Les agro-industries seraient-elles bons employeurs ?

Si l’on s’en tient aux propos de quelques ouvriers des Plantations de haut Penja (Php) – entreprise de production de banane export – on peut dire que les agro-industries sont de bons employeurs. Mais …

Ces ouvriers disent tout le bien du traitement  qu’ils reçoivent de leur employeur.

Mathias Ntepdieu est entré dans les exploitations Php en 1992. A l’époque on lui versait un salaire de 32.000 FCFA le mois. Après plus de 22 ans de service, il pense que beaucoup de choses ont évolué positivement. Il a un salaire correspondant à une grille connue de tous et sur la base de laquelle l’employé négocie avec l’employeur. Les avantages sont assez importants selon lui : pension retraite assurée, cotisations sociales pour l’employé et ses enfants, prise en charge en cas de maladie. Ici, on peut observer au siège de l’entreprise, constitués de vieux bâtiments acquis, une infirmerie où se soignent les employés et ouvriers. Les cas graves sont transférés à l’hôpital Saint Jean de Malte juste en face. Les ouvriers rencontrés ne s’accordent pas sur le pourcentage de la prise en charge par  l’employeur : d’aucuns parlent de 25% ou de 30% et parfois de 100%. Un autre vous dira qu’après les soins vous constaterez des coupes sur votre salaire. Malheureusement, il est difficile de vérifier cette information auprès des Php où on ne badine pas avec le formalisme.

Prime à la qualité
Georges Kum estime que chaque ouvrier doit assumer son choix. « Si on vous dit qu’on vous  versera un salaire mensuel  de 47.000 F CFA  comme c’est mon cas, à vous d’accepter ou de refuser ». Il ajoute que ce salaire de base peut sensiblement évoluer si l’ouvrier est entreprenant, disponible, pas tricheur du tout et surtout professionnel car la prime de qualité peut vous faire gagner, en plus du salaire de base, jusqu’à plus de la moitié de celui-ci. Cependant, il déplore les conditions de logement. En effet, la ville de Njombé n’offre pas de possibilité de bien se loger. Les maisons sont avant tout familiales et celles destinées à la location sont généralement mal faites ou trop chères pour un ouvrier qui gagne si peu. Georges Kum souhaite que l’entreprise construise des maisons pour les mettre à la disposition des producteurs en location-vente.

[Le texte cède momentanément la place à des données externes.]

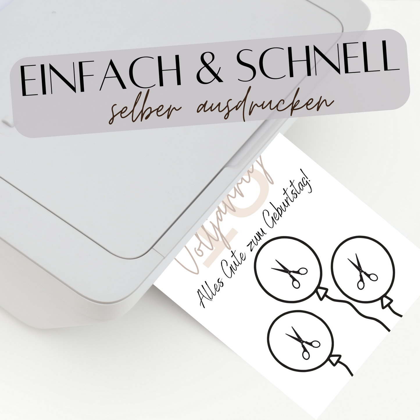 Die Gestaltung überzeugt mit stilvollen Farben, typografischem Design und der cleveren Idee, Geldscheine als Ballons hinter das Poster zu platzieren. Einfach zuhause ausdrucken, ausschneiden, mit Banknoten hinterlegen und in einen handelsüblichen Bilderrahmen einsetzen – fertig ist ein unvergessliches Präsent!
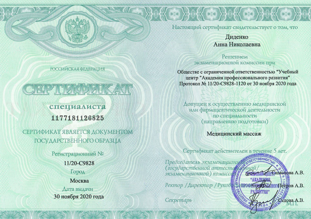 Доверьте здоровье опорно-двигательного аппарата профессионалу! Анна Николаевна Диденко поможет вам вернуться к полноценной жизни, запишитесь на консультацию в нашей клинике и убедитесь в этом сами.
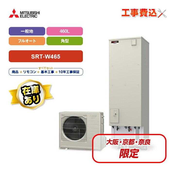 ★1台のみ在庫あり!大阪・奈良・京都限定! ※大阪・奈良・京都以外の方のご注文はご遠慮下さい。 申し訳ございませんが、上記以外の方からのご注文はキャンセルさせて頂きますのでご了承下さい。 三菱エコキュート 工事費込 角型 460L フルオート SRT-W465+リモコン付き 一般地 レビュープレゼント企画!基本工事費コミでおトク! Aシリーズ SRT-W465 460L 角型 フルオート 一般地仕様 本体カラー:モダングレー インターホンリモコン:RMCB-D5SE 脚部カバー:GT-L460A 貯水寸法:2160×630×760mm ヒートポンプ寸法:715×800(+65)×285(+16)mm あったかリンク お天気リンクEZ/AI 三菱HEMS フルオートW追いだき 自動お湯はり 自動保温・自動たし湯 追いだき・急速追いだきv わき上げモード(多め・おまかせ) 学習機能(過去2週... |
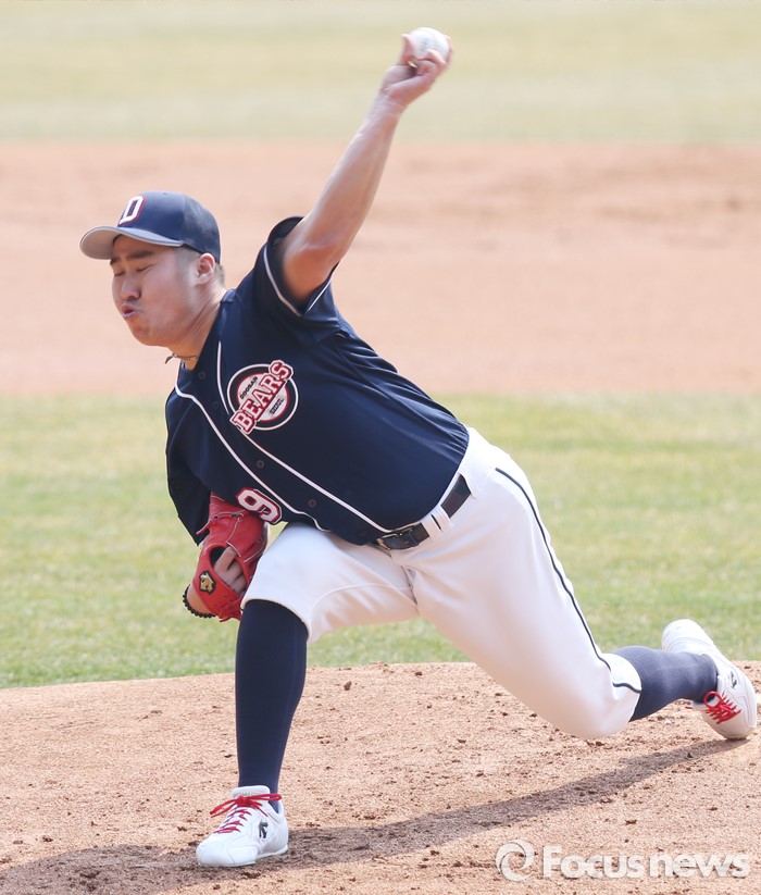 (서울=포커스뉴스) 27일 서울 잠실구장에서 열린 2016프로야구 시범경기 두산-LG 경기에서 1회말 두산 선발투수 유희관이 투구하고 있다.
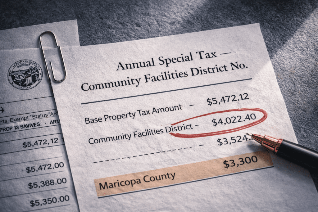 Arizona does not have a direct Mello-Roos equivalent in name. Special districts exist in Maricopa County and can add to totals, but the magnitude and frequency differ from California’s CFD pattern. The correct comparison for a seller already paying Mello-Roos is their actual total annual bill, not the 1% base rate.
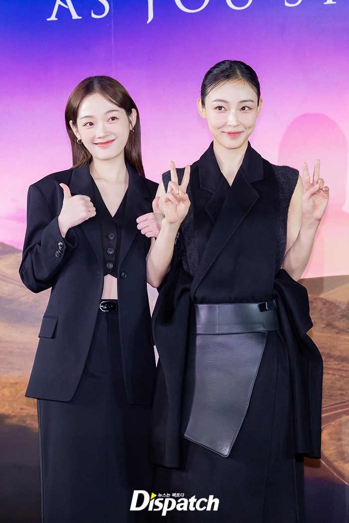 이유미와 전소니는 올블랙으로 시크한 분위기를 연출했다. 남다른 절친 포즈로 케미스트리를 자랑했다.
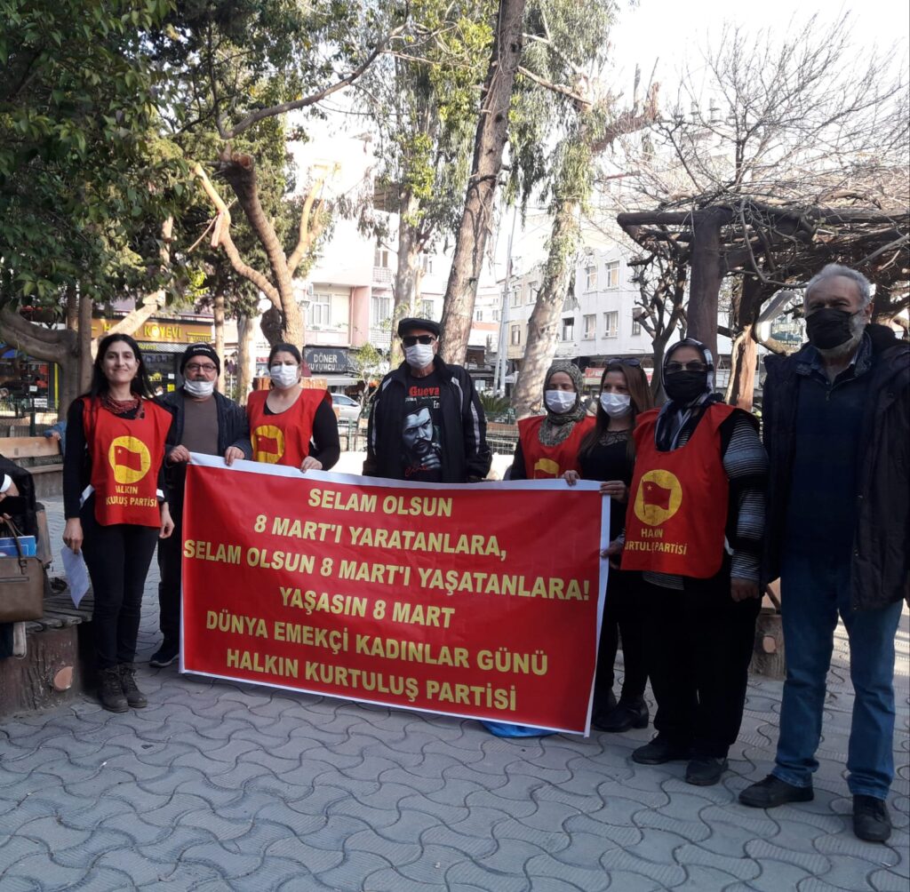 HKP’li Kadınlar, “Selam Olsun 8 Mart’ı Yaratanlara, Selam Olsun 8 Mart’ı Yaşatanlara Yaşasın 8 Mart Dünya Emekçi Kadınlar Günü” yazılı pankart açtı.
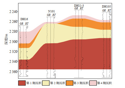 下载原图 图 6 松辽盆地德惠断陷白垩系火三段凝灰岩DH16-N103-DH11-3-DH105井沉积旋回分布 Fig. 6 Distribution of tuff sedimentary cycles of the third member of Cretaceous Huoshiling Formation across wells DH16, N103, DH11-3 and DH105 in Dehui fault depression, Songliao Basin |

Les quelques ouvriers qui ont accepté de nous parler estiment cependant que les conditions de travail doivent être améliorées. Notamment, ils pensent qu’on devrait leur faire des bilans de santé assez régulièrement  et ne pas attendre que la maladie se déclenche pour courir chez le médecin. Le bilan médical permettrait d’anticiper voire de sauver des vies.
Par ailleurs, pour certains, le salaire ne permet pas de satisfaire tous les besoins prioritaires et de faire des projets personnels pour l’avenir. Ce à quoi Mathieu Ntepdieu répond que c’est une question de savoir bien gérer son salaire, prenant l’exemple sur lui-même avec ses 15 enfants qui vont tous à l’école et d’autres petites activités économiques montées à partir de son salaire.

Toujours est-il que la tentation de faire des sacrifices sur soi-même pour économiser un peu d’argent qui permettrait de s’acheter une moto et de devenir un moto taximan est grande ici.